I’ve enjoyed the Odd series, but it seems to be moving from entertaining to average. Mr. Koontz seems to have some issues with modern day society and he uses Odd to voice all of his complaints. He has done some of this in all of the Odd books but it seems to gotten out of control and has become quite distracting. It would be great if Knoontz could get back to the form of some of his earlier work like “Out the Corner of His Eye” or “The Face” where he would take time to build suspense and develop his characters.
Spoiler alert: One of my other complaints about this story is Tesla. It seems like anytime an author needs to create a unusual machine or some piece science fiction machinery they simple pull out Nikola Tesla to give it creditability. I know he is a fascinating person, but why not invent a new mad scientist.
I was prepared for JK Rowling's new book not to be another Harry Potter installment, in fact I thought it was a good move for her to go a different direction. After the phenomena that was HP what could she possibly do to follow it up? So I gave a Casual Vacancy a chance. I gave it a chance after a slow start that introduced so many characters it was hard to follow. I gave it a chance past all the profanity, drug use and sex; more than most adult crime novels I listen to. I could have even dealt with the rape scene if it had been important to the story. Unfortunately it wasn't worth it. I get That Rowling wanted to dig into the gritty "real world" after years of fantasy, but she seems to only run to all the things she couldn't write about through seven other novels. she spends the entire novel digging into all the dirt of real life without out even glancing at the good parts. There are no redeeming characters, no one to pull for, no innocent people only victims, no villains just slightly corrupt, incompetent abuser and self absorbed people.

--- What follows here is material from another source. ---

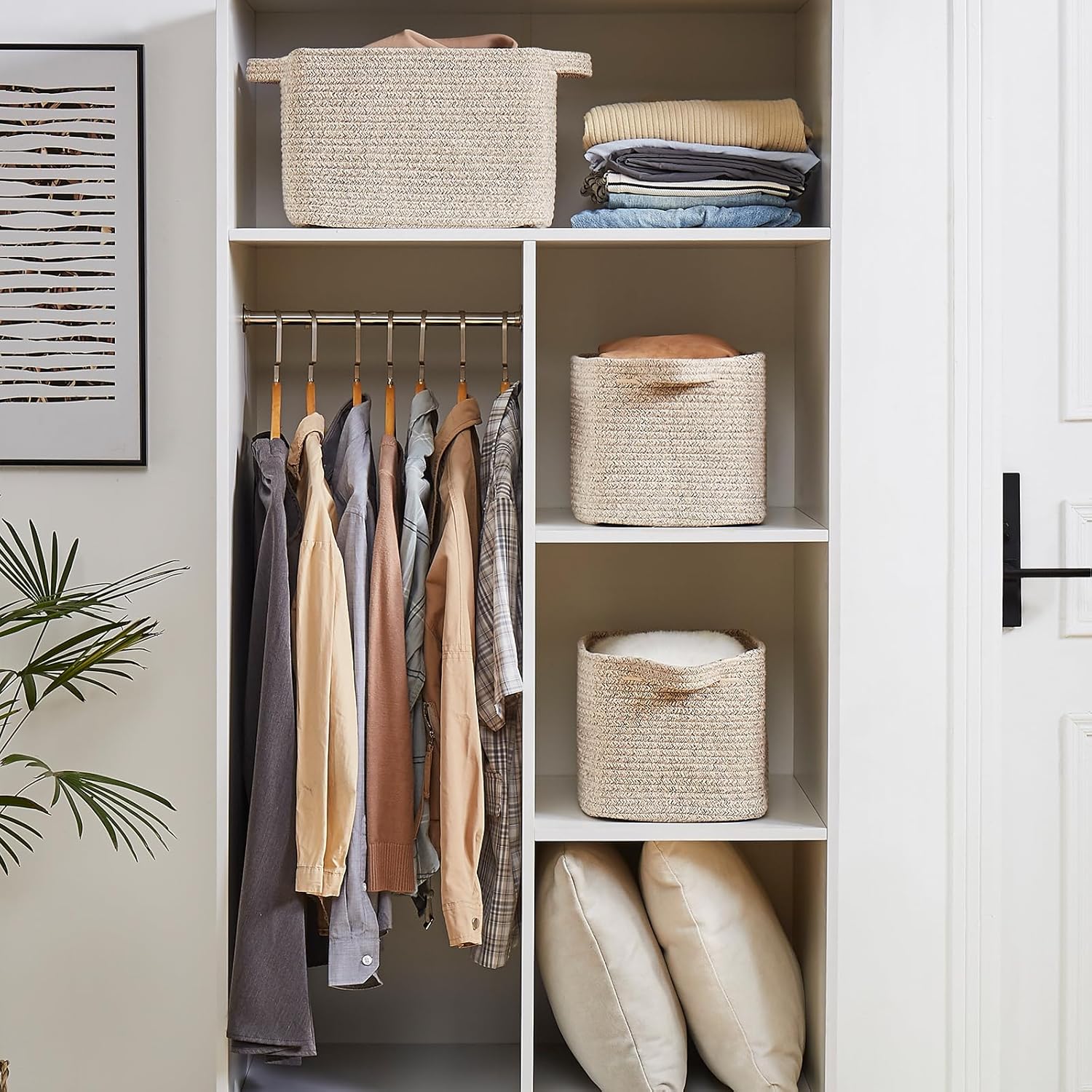 OIAHOMY Storage Basket, Woven Baskets for Storage, Cotton Rope Basket for toys,Towel Baskets for Bathroom - Pack of 3, Pure Brown

You wouldn't think a small town in the English country side would hold such misery. Casual Vacancy starts like many books, introducing different characters of a small town who seem to be completely unconnected. One local councilmen dies of a brain aneurysms and we begin to see how his death effects them all. The story is slow, but has a sense of building so I figured it was going somewhere. None the characters are completely good or bad, but its their flaws Rowling focuses on. The story ends in a senseless tragedy, which seems to come out of no where and leave you completely unsatisfied. You think something good will come out of this entire mess, but it doesn't. One or two of the characters end up slightly better than they started, but anything to be learned from the book are left to the reader to be decided. The story is told from 3rd person omniscient, and I had a hard time believing some of the characters motivations which got a little annoying.

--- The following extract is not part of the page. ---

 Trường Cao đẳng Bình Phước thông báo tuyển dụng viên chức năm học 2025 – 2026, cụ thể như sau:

All that said I somewhat enjoyed it. I was drawn in, I wanted to find out where the much to do about nothing was leading. I was hoping for big payoff, and I was prepared to write a good review. But the ending is just kind of empty and sad. It's like Rowling created all of these characters and then didn't know what to do with them. I noticed in the HP books she had a tendency to add unnessicary story lines in some of the later books. I thought she just like those characters too much not to have something for them to do. Now I wonder if she just needs someone to tell her to focus on the main storyline, even if you have to cut a few thing.